Brief:
Set down the records once more, please, exactly and with the pictures left out.

Data for review:
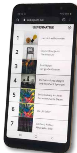
Smartphones Ihrer Besucher*innen
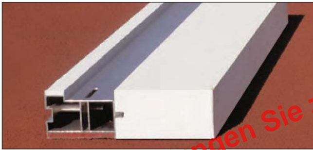
ZWEI IN EINEM „Massivholz“, Art.Nr.: S01000118
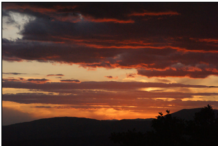
Sådan kan en solnedgang se ud i Assisi!

Efter aftensmad gik vi hen på en restaurant lige i nærheden for en sidste god-nat-drink. Peter holdt en flot lille takketale med fokus på den gode oplevelse, turen havde været for ham som ny deltager.
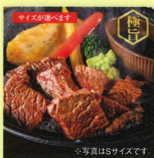
※写真はSサイズです アンガスビーフサイコロステーキ Sサイズ 120g 990円(税込1,069円) Mサイズ 160g 1,280円(税込1,382円) Lサイズ 200g 1,580円(税込1,706円)
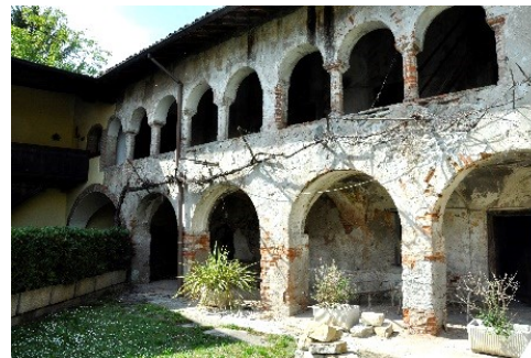
Convento di Santa Maria in Scanzo
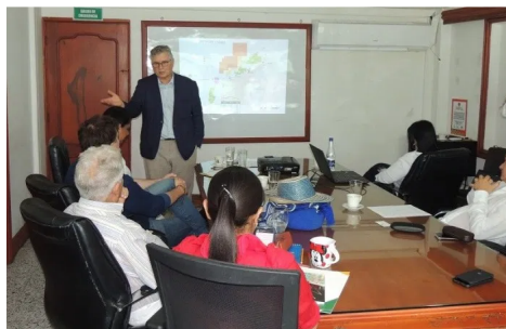
Aspecto de la socialización del proyecto que se realizó en el despacho del gobernador de parte de Ecopetrol.
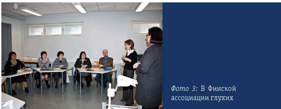
Фото 3: В Финской ассоциации глухих

Written response:
Smartphones Ihrer Besucher*innen
ZWEI IN EINEM „Massivholz“, Art.Nr.: S01000118
Sådan kan en solnedgang se ud i Assisi!

Efter aftensmad gik vi hen på en restaurant lige i nærheden for en sidste god-nat-drink. Peter holdt en flot lille takketale med fokus på den gode oplevelse, turen havde været for ham som ny deltager.
※写真はSサイズです アンガスビーフサイコロステーキ Sサイズ 120g 990円(税込1,069円) Mサイズ 160g 1,280円(税込1,382円) Lサイズ 200g 1,580円(税込1,706円)
Convento di Santa Maria in Scanzo
Aspecto de la socialización del proyecto que se realizó en el despacho del gobernador de parte de Ecopetrol.
Фото 3: В Финской ассоциации глухих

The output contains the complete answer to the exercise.